In full and without alteration, write out the data below.

--- PROVIDED DATA ---

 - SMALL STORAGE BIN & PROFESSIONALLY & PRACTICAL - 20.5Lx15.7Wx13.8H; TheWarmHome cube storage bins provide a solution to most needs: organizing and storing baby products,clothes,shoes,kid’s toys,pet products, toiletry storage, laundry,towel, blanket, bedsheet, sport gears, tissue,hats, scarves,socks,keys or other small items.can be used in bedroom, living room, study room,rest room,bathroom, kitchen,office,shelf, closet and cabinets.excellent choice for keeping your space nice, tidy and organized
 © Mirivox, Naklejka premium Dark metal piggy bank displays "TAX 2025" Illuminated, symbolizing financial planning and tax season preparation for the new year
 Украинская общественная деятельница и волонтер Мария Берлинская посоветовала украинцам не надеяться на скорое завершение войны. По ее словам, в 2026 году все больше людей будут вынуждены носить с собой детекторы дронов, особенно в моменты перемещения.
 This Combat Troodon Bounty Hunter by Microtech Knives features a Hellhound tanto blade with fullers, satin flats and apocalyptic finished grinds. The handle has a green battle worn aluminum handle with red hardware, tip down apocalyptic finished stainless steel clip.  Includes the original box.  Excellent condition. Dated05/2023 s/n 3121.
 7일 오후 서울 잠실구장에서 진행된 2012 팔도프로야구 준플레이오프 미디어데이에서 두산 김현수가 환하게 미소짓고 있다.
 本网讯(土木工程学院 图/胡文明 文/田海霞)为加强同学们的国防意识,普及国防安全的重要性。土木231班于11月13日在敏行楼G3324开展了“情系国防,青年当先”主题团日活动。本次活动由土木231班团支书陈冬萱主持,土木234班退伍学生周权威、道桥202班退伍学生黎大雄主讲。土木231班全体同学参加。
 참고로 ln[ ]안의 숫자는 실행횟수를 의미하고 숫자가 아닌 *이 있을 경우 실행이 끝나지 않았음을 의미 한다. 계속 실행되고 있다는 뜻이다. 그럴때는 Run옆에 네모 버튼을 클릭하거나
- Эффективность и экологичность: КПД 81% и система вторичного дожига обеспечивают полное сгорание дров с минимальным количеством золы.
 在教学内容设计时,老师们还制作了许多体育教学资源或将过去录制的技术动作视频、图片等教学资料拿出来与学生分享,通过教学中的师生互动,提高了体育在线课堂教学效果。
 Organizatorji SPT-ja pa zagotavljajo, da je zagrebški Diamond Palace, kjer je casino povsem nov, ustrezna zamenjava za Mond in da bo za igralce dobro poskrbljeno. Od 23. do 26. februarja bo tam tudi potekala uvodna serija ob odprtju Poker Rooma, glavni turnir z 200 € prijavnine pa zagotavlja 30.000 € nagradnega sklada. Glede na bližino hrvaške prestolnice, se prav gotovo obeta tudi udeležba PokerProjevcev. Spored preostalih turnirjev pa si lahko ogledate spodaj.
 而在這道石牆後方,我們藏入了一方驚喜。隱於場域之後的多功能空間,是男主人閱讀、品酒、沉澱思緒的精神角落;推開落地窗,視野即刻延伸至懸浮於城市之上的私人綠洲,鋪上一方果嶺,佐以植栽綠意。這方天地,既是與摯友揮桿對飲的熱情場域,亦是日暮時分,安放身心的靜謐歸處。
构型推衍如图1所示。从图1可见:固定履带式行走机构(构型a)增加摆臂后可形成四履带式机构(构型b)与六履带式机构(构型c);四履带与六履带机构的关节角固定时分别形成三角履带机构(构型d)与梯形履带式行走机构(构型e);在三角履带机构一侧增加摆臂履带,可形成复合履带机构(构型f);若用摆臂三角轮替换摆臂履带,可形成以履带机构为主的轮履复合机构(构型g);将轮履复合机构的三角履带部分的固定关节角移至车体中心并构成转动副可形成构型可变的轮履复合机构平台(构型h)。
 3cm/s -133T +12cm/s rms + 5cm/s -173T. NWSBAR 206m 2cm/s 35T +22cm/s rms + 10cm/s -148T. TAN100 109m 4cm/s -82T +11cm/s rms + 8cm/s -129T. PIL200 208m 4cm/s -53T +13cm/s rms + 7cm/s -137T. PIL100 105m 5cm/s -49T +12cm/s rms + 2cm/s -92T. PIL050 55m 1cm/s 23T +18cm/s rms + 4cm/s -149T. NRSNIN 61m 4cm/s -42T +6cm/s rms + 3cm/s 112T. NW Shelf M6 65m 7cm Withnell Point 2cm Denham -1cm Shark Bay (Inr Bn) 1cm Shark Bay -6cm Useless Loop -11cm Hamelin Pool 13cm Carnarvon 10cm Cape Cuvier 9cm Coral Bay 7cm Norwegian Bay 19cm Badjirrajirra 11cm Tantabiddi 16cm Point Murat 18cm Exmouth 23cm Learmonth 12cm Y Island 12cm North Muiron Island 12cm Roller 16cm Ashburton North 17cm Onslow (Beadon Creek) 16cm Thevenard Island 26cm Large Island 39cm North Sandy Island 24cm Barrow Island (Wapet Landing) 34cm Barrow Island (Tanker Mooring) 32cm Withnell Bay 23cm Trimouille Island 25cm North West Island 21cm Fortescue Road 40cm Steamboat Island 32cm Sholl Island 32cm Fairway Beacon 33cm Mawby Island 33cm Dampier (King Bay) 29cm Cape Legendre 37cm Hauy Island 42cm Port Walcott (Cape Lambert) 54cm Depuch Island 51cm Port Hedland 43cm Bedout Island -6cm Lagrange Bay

---

PROBLEM SOLUTION:
 - SMALL STORAGE BIN & PROFESSIONALLY & PRACTICAL - 20.5Lx15.7Wx13.8H; TheWarmHome cube storage bins provide a solution to most needs: organizing and storing baby products,clothes,shoes,kid’s toys,pet products, toiletry storage, laundry,towel, blanket, bedsheet, sport gears, tissue,hats, scarves,socks,keys or other small items.can be used in bedroom, living room, study room,rest room,bathroom, kitchen,office,shelf, closet and cabinets.excellent choice for keeping your space nice, tidy and organized
 © Mirivox, Naklejka premium Dark metal piggy bank displays "TAX 2025" Illuminated, symbolizing financial planning and tax season preparation for the new year
 Украинская общественная деятельница и волонтер Мария Берлинская посоветовала украинцам не надеяться на скорое завершение войны. По ее словам, в 2026 году все больше людей будут вынуждены носить с собой детекторы дронов, особенно в моменты перемещения.
 This Combat Troodon Bounty Hunter by Microtech Knives features a Hellhound tanto blade with fullers, satin flats and apocalyptic finished grinds. The handle has a green battle worn aluminum handle with red hardware, tip down apocalyptic finished stainless steel clip.  Includes the original box.  Excellent condition. Dated05/2023 s/n 3121.
 7일 오후 서울 잠실구장에서 진행된 2012 팔도프로야구 준플레이오프 미디어데이에서 두산 김현수가 환하게 미소짓고 있다.
 本网讯(土木工程学院 图/胡文明 文/田海霞)为加强同学们的国防意识,普及国防安全的重要性。土木231班于11月13日在敏行楼G3324开展了“情系国防,青年当先”主题团日活动。本次活动由土木231班团支书陈冬萱主持,土木234班退伍学生周权威、道桥202班退伍学生黎大雄主讲。土木231班全体同学参加。
 참고로 ln[ ]안의 숫자는 실행횟수를 의미하고 숫자가 아닌 *이 있을 경우 실행이 끝나지 않았음을 의미 한다. 계속 실행되고 있다는 뜻이다. 그럴때는 Run옆에 네모 버튼을 클릭하거나
- Эффективность и экологичность: КПД 81% и система вторичного дожига обеспечивают полное сгорание дров с минимальным количеством золы.
 在教学内容设计时,老师们还制作了许多体育教学资源或将过去录制的技术动作视频、图片等教学资料拿出来与学生分享,通过教学中的师生互动,提高了体育在线课堂教学效果。
 Organizatorji SPT-ja pa zagotavljajo, da je zagrebški Diamond Palace, kjer je casino povsem nov, ustrezna zamenjava za Mond in da bo za igralce dobro poskrbljeno. Od 23. do 26. februarja bo tam tudi potekala uvodna serija ob odprtju Poker Rooma, glavni turnir z 200 € prijavnine pa zagotavlja 30.000 € nagradnega sklada. Glede na bližino hrvaške prestolnice, se prav gotovo obeta tudi udeležba PokerProjevcev. Spored preostalih turnirjev pa si lahko ogledate spodaj.
 而在這道石牆後方,我們藏入了一方驚喜。隱於場域之後的多功能空間,是男主人閱讀、品酒、沉澱思緒的精神角落;推開落地窗,視野即刻延伸至懸浮於城市之上的私人綠洲,鋪上一方果嶺,佐以植栽綠意。這方天地,既是與摯友揮桿對飲的熱情場域,亦是日暮時分,安放身心的靜謐歸處。
构型推衍如图1所示。从图1可见:固定履带式行走机构(构型a)增加摆臂后可形成四履带式机构(构型b)与六履带式机构(构型c);四履带与六履带机构的关节角固定时分别形成三角履带机构(构型d)与梯形履带式行走机构(构型e);在三角履带机构一侧增加摆臂履带,可形成复合履带机构(构型f);若用摆臂三角轮替换摆臂履带,可形成以履带机构为主的轮履复合机构(构型g);将轮履复合机构的三角履带部分的固定关节角移至车体中心并构成转动副可形成构型可变的轮履复合机构平台(构型h)。
 3cm/s -133T +12cm/s rms + 5cm/s -173T. NWSBAR 206m 2cm/s 35T +22cm/s rms + 10cm/s -148T. TAN100 109m 4cm/s -82T +11cm/s rms + 8cm/s -129T. PIL200 208m 4cm/s -53T +13cm/s rms + 7cm/s -137T. PIL100 105m 5cm/s -49T +12cm/s rms + 2cm/s -92T. PIL050 55m 1cm/s 23T +18cm/s rms + 4cm/s -149T. NRSNIN 61m 4cm/s -42T +6cm/s rms + 3cm/s 112T. NW Shelf M6 65m 7cm Withnell Point 2cm Denham -1cm Shark Bay (Inr Bn) 1cm Shark Bay -6cm Useless Loop -11cm Hamelin Pool 13cm Carnarvon 10cm Cape Cuvier 9cm Coral Bay 7cm Norwegian Bay 19cm Badjirrajirra 11cm Tantabiddi 16cm Point Murat 18cm Exmouth 23cm Learmonth 12cm Y Island 12cm North Muiron Island 12cm Roller 16cm Ashburton North 17cm Onslow (Beadon Creek) 16cm Thevenard Island 26cm Large Island 39cm North Sandy Island 24cm Barrow Island (Wapet Landing) 34cm Barrow Island (Tanker Mooring) 32cm Withnell Bay 23cm Trimouille Island 25cm North West Island 21cm Fortescue Road 40cm Steamboat Island 32cm Sholl Island 32cm Fairway Beacon 33cm Mawby Island 33cm Dampier (King Bay) 29cm Cape Legendre 37cm Hauy Island 42cm Port Walcott (Cape Lambert) 54cm Depuch Island 51cm Port Hedland 43cm Bedout Island -6cm Lagrange Bay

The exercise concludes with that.